AI Is Making Decisions With Data You Can’t See

3 types of data your AI uses that you can't see and why that's costing teams weeks in debugging. Conversation history, version drift, and the promise vs. delivery problem.

Nov 16, 2025

Hello lovely people,

Another field note from the trenches - the real, unpolished stuff I see teams wrestling with when they’re trying to ship AI that actually work in the wild… not just in (you already know this)… demo-land, haha!

Today’s note comes from a pattern I keep seeing across startups and mid-market companies building their first AI agents. Teams are so focused on getting their AI to give good answers that they forget to check how it arrived at those answers. They’re measuring outputs but ignoring the data trail that produced them.

And that’s where things get messy.

So let me share what I’m learning about the data your AI is using - the data you probably can’t see right now - and why making it visible is the difference between shipping something reliable and trustworthy.

Today I answer the following questions that often come up in my meetings:

Why is our chatbot responses failing with real customers while they looked perfect in testing?
We’re getting customer complaints about wrong answers, but our logs just show the chatbot’s response - how do we debug what actually went wrong?
Our accuracy metrics dropped 15% overnight and we didn’t change anything.
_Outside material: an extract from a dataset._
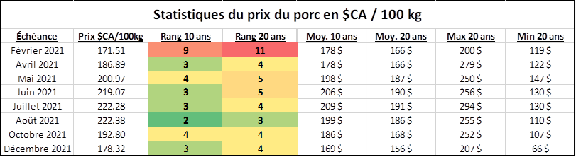 Décembre 2021 -> 69.00 cents ou 178 $CA/100kg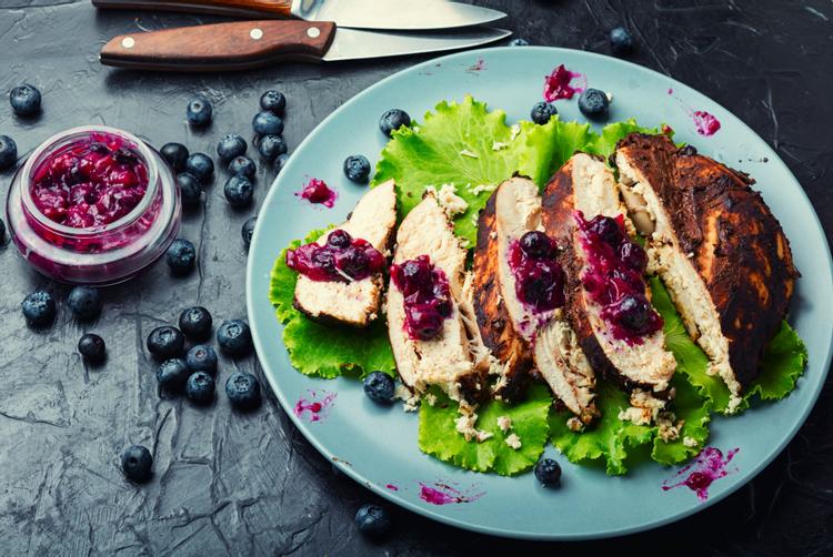 Grilovaný filet z lososa s borůvkovým glazéa zeleninovou quinou, mátový přeliv

What happened?
How do we know if the AI agent is using current data or making decisions based on stale information?

person behind fog glass — Photo by Stefano Pollio on Unsplash

Seriously, I have seen AI agents making decisions, taking actions based on data the business was never aware of. And that’s a problem.

Think about it, you’re about to ship an AI agent. It gives great answers in demos. Your stakeholders are impressed. Everyone’s ready to celebrate.

But pause for a second.

Do you actually know what data your agent is looking at when it makes decisions?

Not the training data. Not the prompt. I mean the real-time information it’s pulling when it tells your customer “Yes, your refund is approved” or “No, you’re not eligible.”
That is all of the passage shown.